El requisito de control de los procesos, productos y servicios suministrados externamente tiene dos partes que suelen leerse como una sola. La primera es asegurar que lo suministrado externamente cumpla los requisitos. La segunda —la que casi nadie documenta— es determinar el tipo y el alcance del control que se aplicará a cada proveedor. Es decir, no basta con controlar: hay que poder explicar por qué a este proveedor se le audita en sitio y a aquel le basta con una inspección de recibo.

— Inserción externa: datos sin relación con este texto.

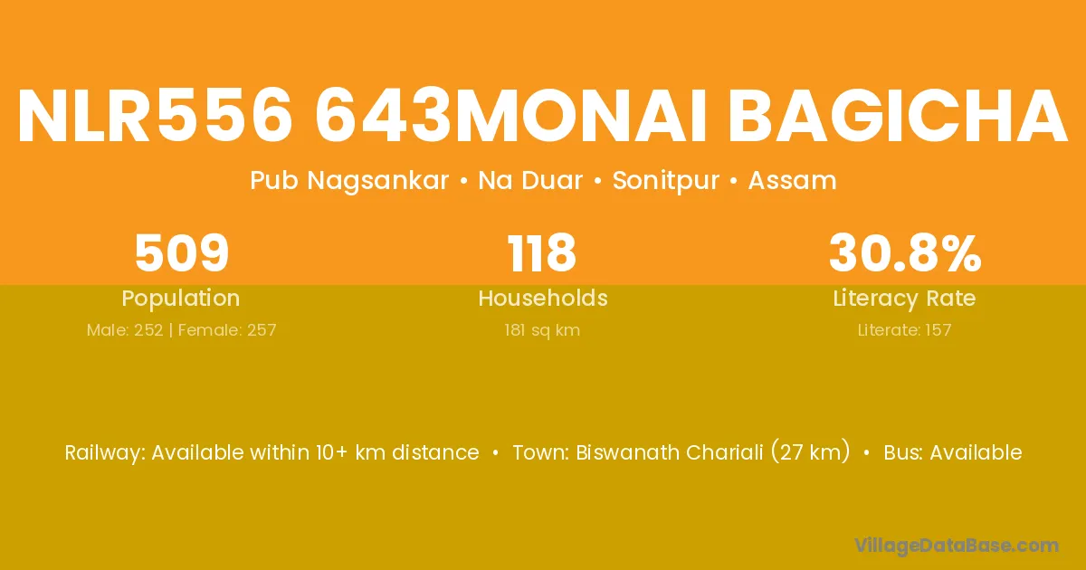 Biswanath Chariali (27 km) is the nearest town to Nlr556 643monai Bagicha village for major economic activities and is located approximately 27 km away.
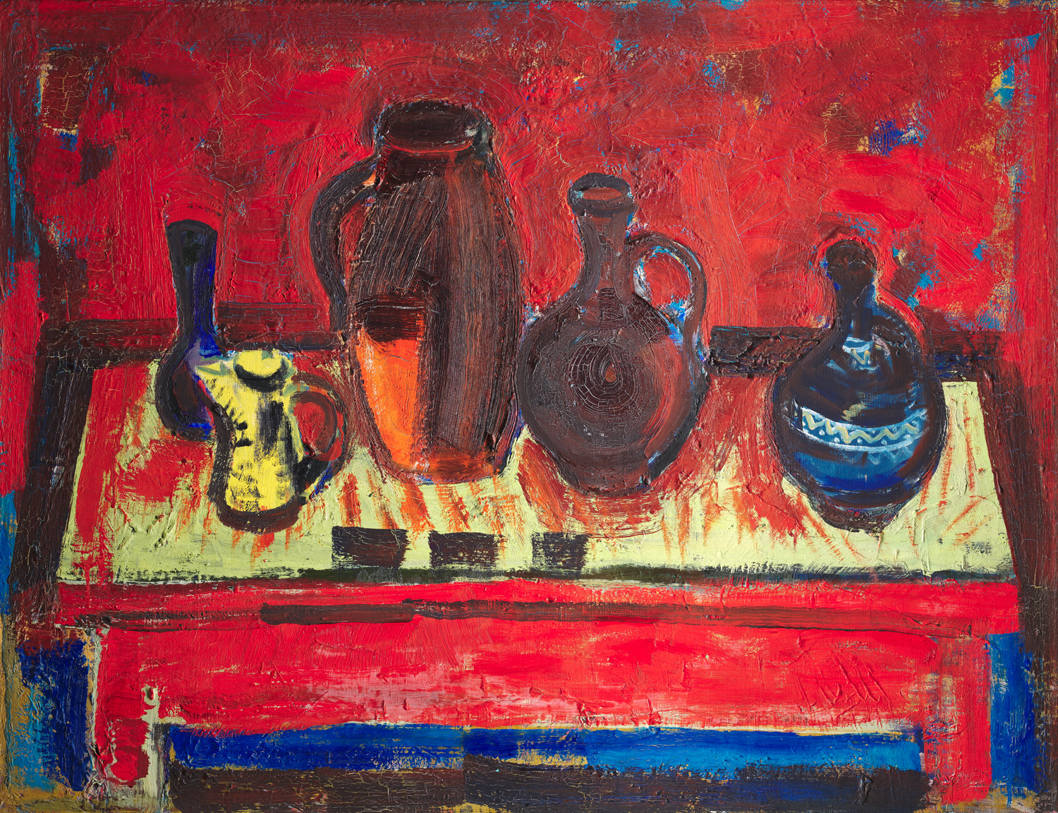 Stillleben mit Krügen. Um 1950. Öl auf Leinwand. 78,5 x 102 cm. Leinwand verso mit Nachlassstempel. Gerahmt. - Technik- und alterungsbedingt mit Krakelee. Insgesamt noch gut. In kräftigem Pinselstrich ausgeführte, farbexpressive Komposition.
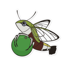 ステッカー - 100 x 100 (mm)オオスカシバのステッカーです。 100㎜×100㎜ 白背景 pixivFACTORYで作成したため少々原価高めです。 より安価な小サイズのステッカーも後日追加予定です。 この商品はpixivFACTORYで作られた商品です。サンプル画像は完成イメージのため、実物と異なる場合があります。
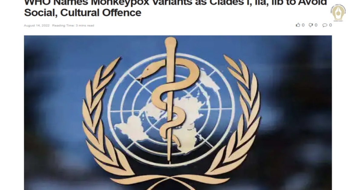 สำนักข่าวอิศรา (www.isranews.org) รายงานว่าองค์การอนามัยโลกหรือ WHO ได้ออกแถลงการณ์ เมื่อวันศุกร์ (12 ส.ค.) ประกาศชื่อใหม่ของเชื้อไวรัสฝีดาษลิงชนิดกลายพันธุ์สายพันธุ์ต่าง ๆ ซึ่งกำลังแพร่ระบาดในปัจจุบัน เพื่อหลีกเลี่ยงการดูหมิ่นทางวัฒนธรรมหรือสังคม
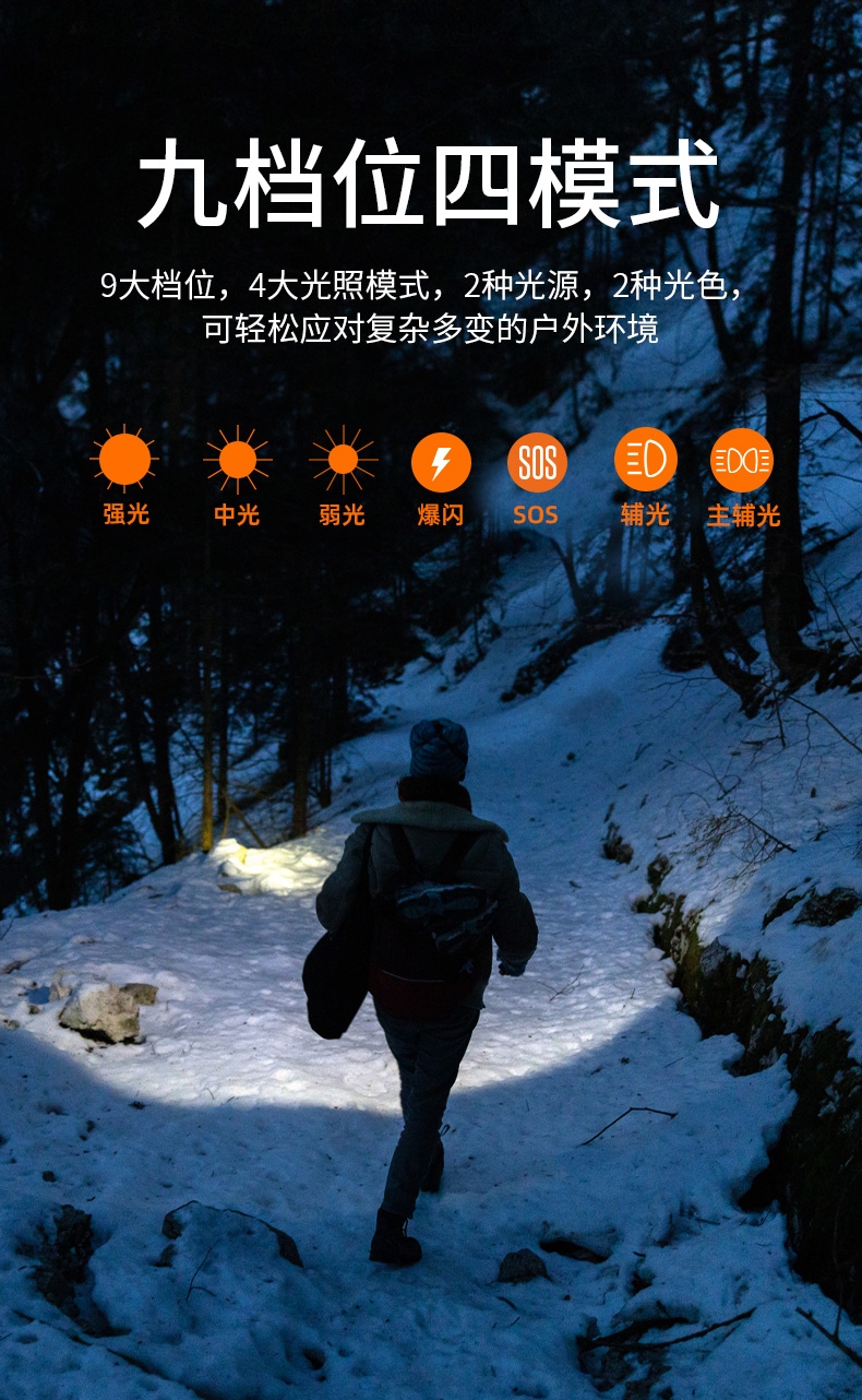 1、单击右边开关开启光源,开启时为强光,续按调档,档位为(强-中-弱-爆闪-SOS-辅光-主辅光-关闭),任意档位状态下,双击开启红光,续按为红光爆
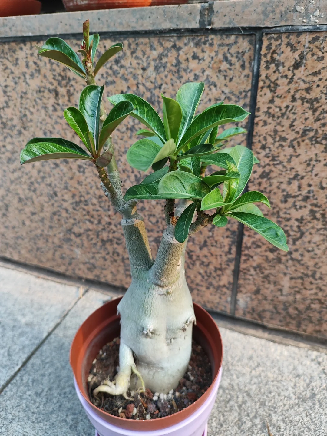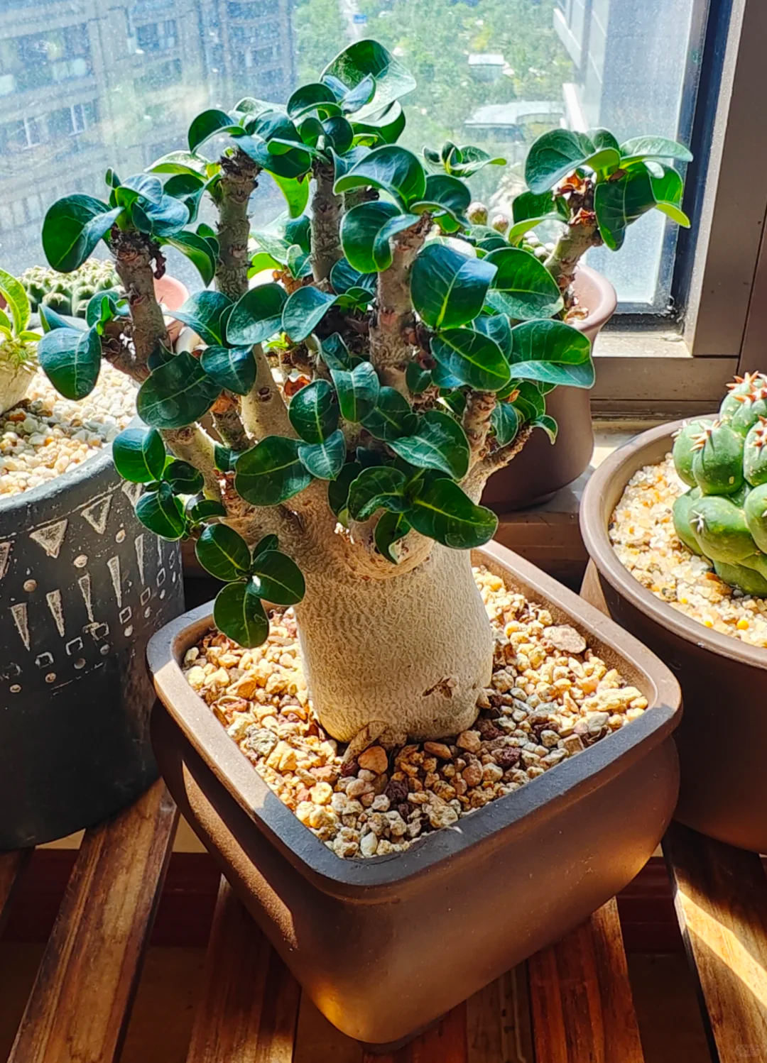沙漠玫瑰虽然具备开花的能力,长得娇艳,但实际上和仙人掌一类的植物差不多,都十分的耐旱,自身可以储存大量的水分和养分,并不适合富养。

La norma delimita cuándo aplica y conviene tenerlo claro porque define el alcance del padrón. Aplica cuando lo suministrado se incorpora al propio producto o servicio; cuando el proveedor entrega directamente al cliente en nombre de la organización —una entrega directa de fábrica, un servicio de instalación subcontratado—; y cuando un proceso o parte de un proceso se contrata externamente por decisión de la organización. Ese tercer supuesto es el que suele quedar fuera del padrón: un tratamiento térmico, una calibración, una transportación especializada.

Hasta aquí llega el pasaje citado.